Hippocrates, the father of medicine, once said that "life is short, ... opportunity fleeting, experiment treacherous, judgment difficult." It's an aphorism with which conservatives might wish to familiarize themselves as they make their push to regain control of the Senate.
Right now the GOP has opportunities in spades: The key races in next year's elections are arrayed across a red map – in states that Mitt Romney carried last year. But the party's fanatical wing is engaged in a long-term experiment testing the idea that the GOP must grow by retrenching, offering a pure philosophical vision rather than a big tent. Judgment is difficult indeed.
Not only will the 2014 Senate races be shaped by that experiment, but so too will our short-term governance, or lack thereof.
To be sure the GOP is well-positioned. Democratic retirements in South Dakota, West Virginia and Montana are widely seen as low-hanging fruit, likely getting them halfway to the six-seat gain they need to control the chamber. Then they're targeting a quartet of red-state Democrats: Sens. Mark Pryor of Arkansas, Kay Hagan of North Carolina, Mary Landrieu of Louisiana and Mark Begich of Alaska. Beyond that, GOP strategists still hope to broaden the field into states like Iowa and Minnesota, while Democrats target Senate GOP Leader Mitch McConnell in Kentucky and hope for a Republican fumble in Georgia.

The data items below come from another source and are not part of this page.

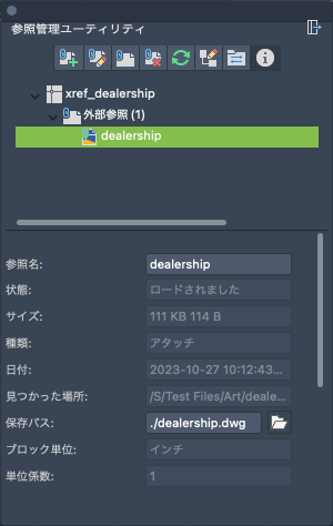 [参照管理ユーティリティ]パレットには、上辺に沿ってツールバーがあります。ファイル リストを右クリックすると、外部参照をアタッチしたり、アタッチした外部参照を管理するためのショートカット メニューが表示されます。選択した外部参照の詳細とサムネイル プレビューを表示するには、ツールバーの[詳細を表示]ボタンをクリックします。
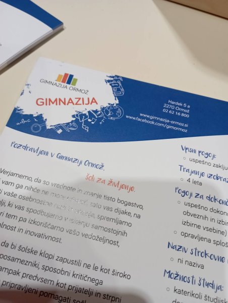 V četrtek, 17. novembra 2022, je bila v telovadnici naše šole“poklicna tržnica,” na kateri se je predstavilo več kot 10 šol iz Podravja in Pomurja. Predstavile so se Gimnazija Ormož, Srednja šola za oblikovanje Maribor, Strojna šola Ptuj, Gimnazija Ptuj, Gimnazija Franca Miklošiča Ljutomer, Elektro in računalniška šola Ptuj, Šola za ekonomijo, turizem in kmetijstvo Ptuj, Šola za gostinstvo in turizem Radenci, Srednja zdravstvena in kozmetična šola Maribor, Srednja lesarska in gozdarska šola Maribor, Gimnazija in srednja šola za kemijo in farmacijo Ruše ter Srednja gradbena šola in gimnazija Maribor. Obiskali so jo naši deveto- in osmošolci, skupaj s starši. Srednje šole so predstavile programe ter življenje in delo na posamezni šoli, učenci pa so pridobili ustrezne informacije, ki jim bodo olajšale pomembno življenjsko odločitev za »pravi poklic«.
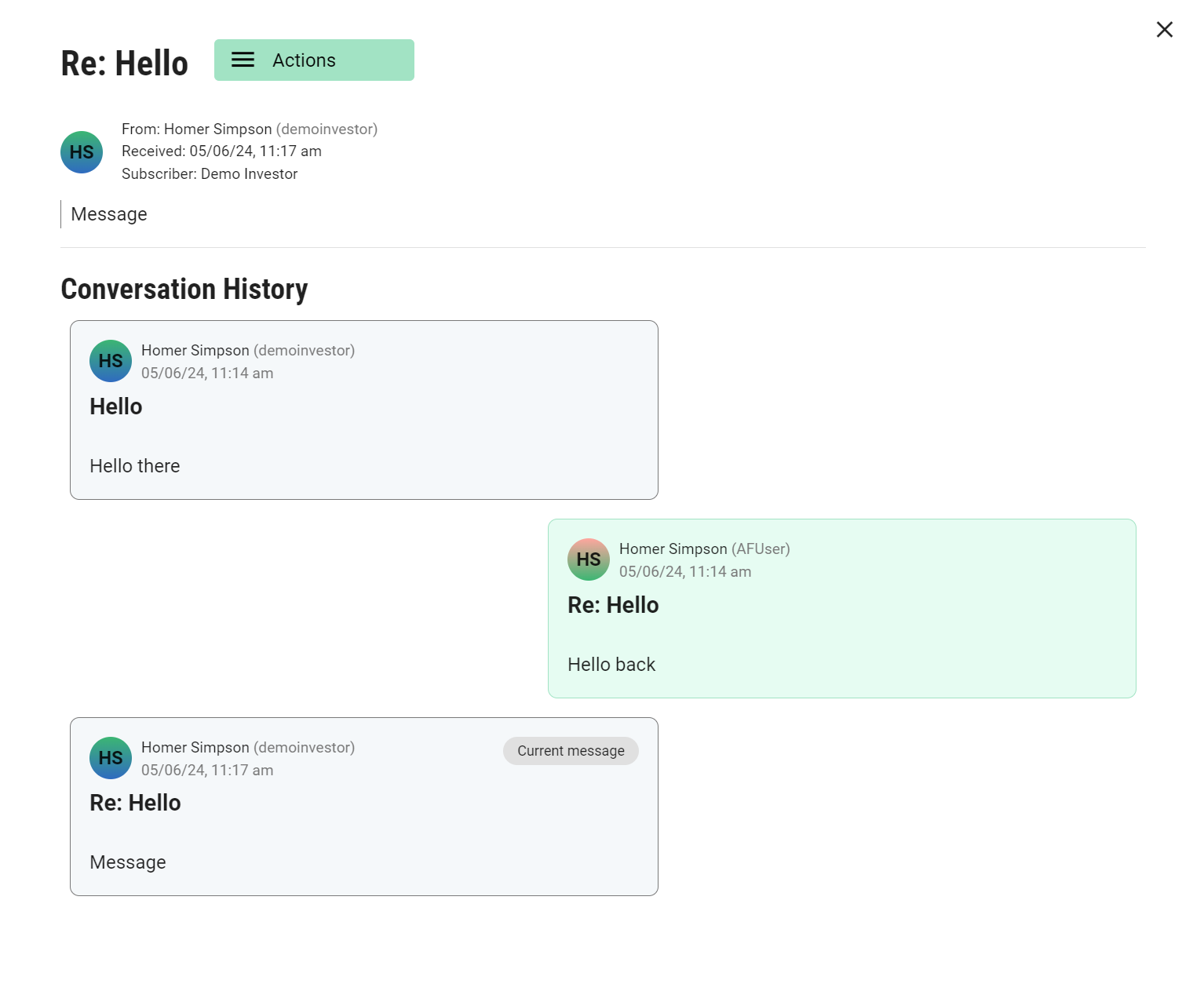 Viewing a message will show all the details of a message and who it was sent from. If there is an active conversation, conversation history will be displayed.
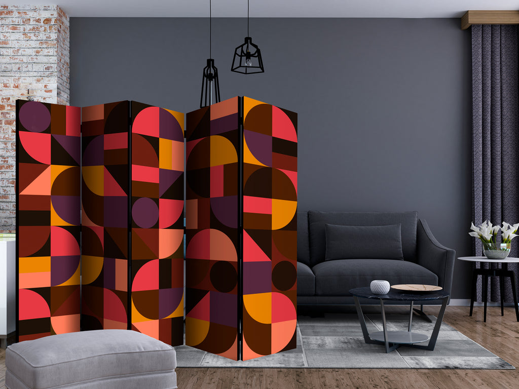 Het decoratieve vouwscherm "Vouwscherm - Geometric Mosaic (Red) II [Room Dividers]" past uitzonderlijk mooi in een modern interieur. Het houten tweezijdig bedrukte vouwscherm geeft niet alleen een mooie opdeling van een ruimte maar geeft ook een fantastische flair aan uw interieur. De perfectie uitvoering en het originele motief in full HD uitvoering zorgen ervoor dat de kamervouwschermen iedere ruimte een originele charme verschaffen. Een prachtig kamervouwscherm is een zeer originele versiering en kan bijvoorbeeld prima worden toegepast in woningen of dienstruimten. (kapsalon, dokterskliniek, administratiekantoor etc)
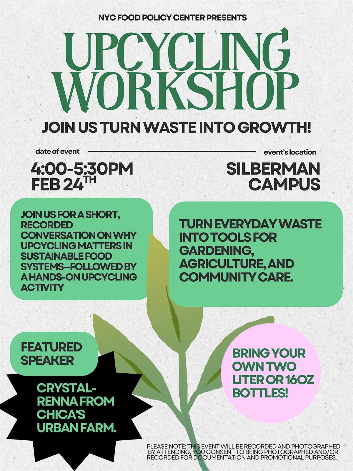 We will be talking with farmer Crystal-Renna from Chica's Urban Farm in Newburgh,NY who will also be leading us through a workshop on how to create our very own self-watering plant pots out of recycled plastic bottles.
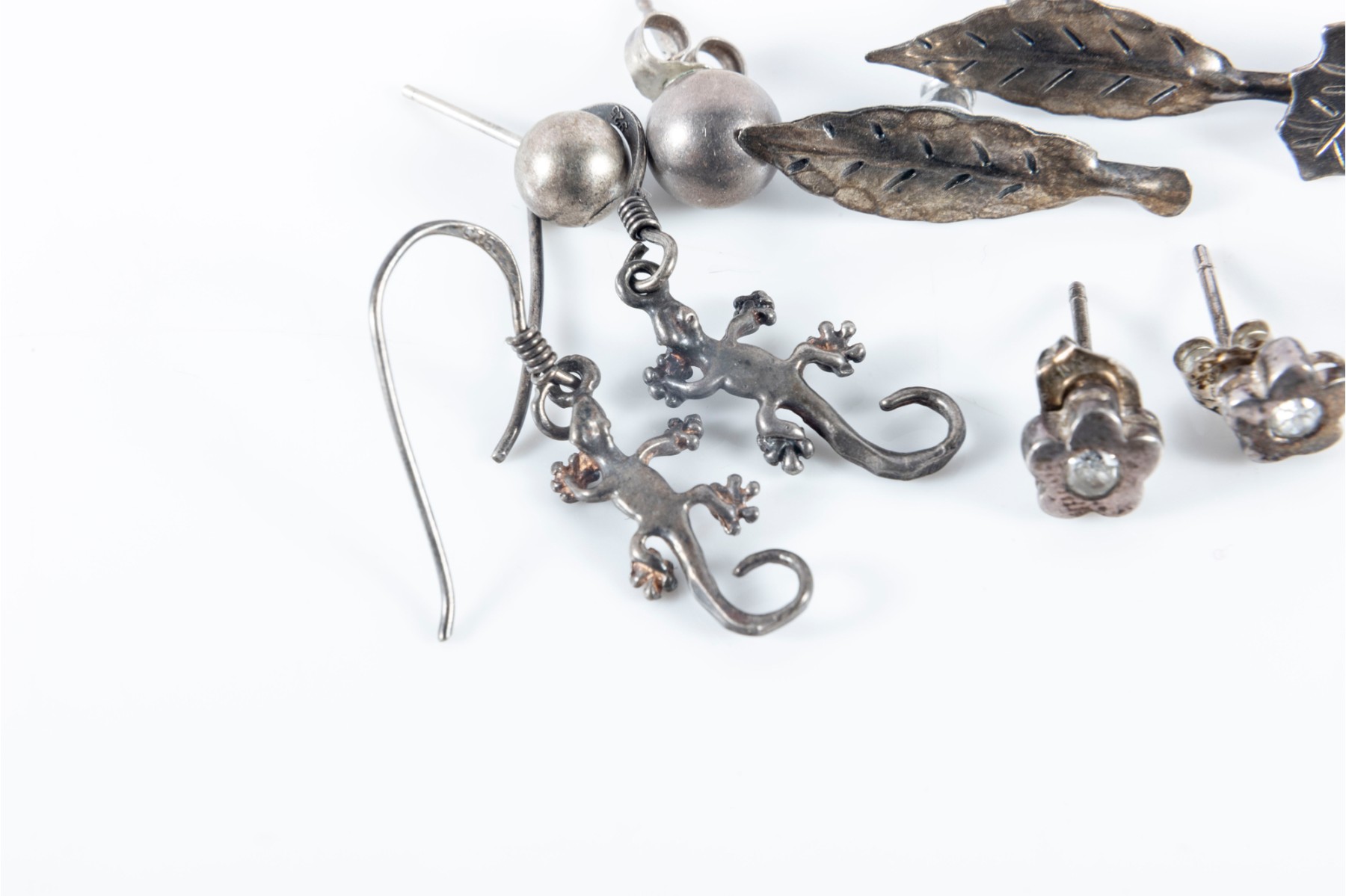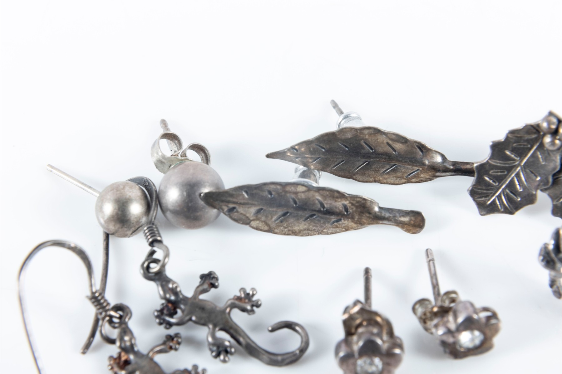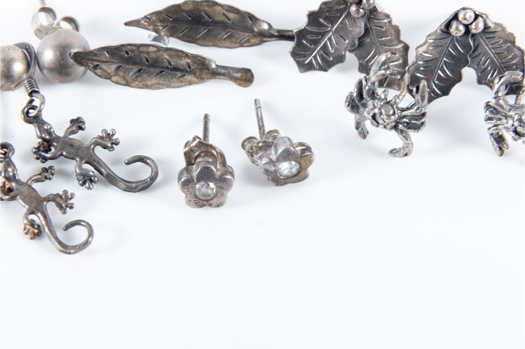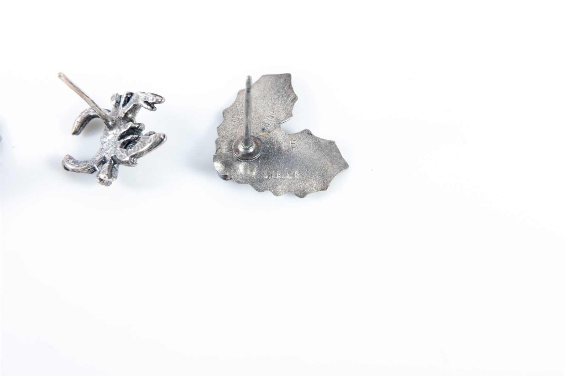 A collection of fun figural sterling silver earrings, including holly, leaves, flowers, lizards, and crabs. The flower studs are accented with round glass.

It's a narrow but clear path back to the majority for the GOP and its best opportunity since … well, since 2012, and 2010 before that. These are the wages of the conservative zealot push for party purity: Tea party senators from red states like Texas (Ted Cruz), Utah (Mike Lee) and Kentucky (Rand Paul) and Democratic victories in purple and blue states where the candidates of the fanatical right flopped, like Nevada (Sharron Angle), Colorado (Ken Buck), Delaware (Christine "I'm Not a Witch" O'Donnell), Missouri (Todd "Legitimate Rape" Akin) and Indiana (Richard Mourdock). The only tea-party-backed Senate candidates who have won outside red states – former Massachusetts Sen. Scott Brown and current Florida Sen. Marco Rubio – have been repudiated as too willing to deal.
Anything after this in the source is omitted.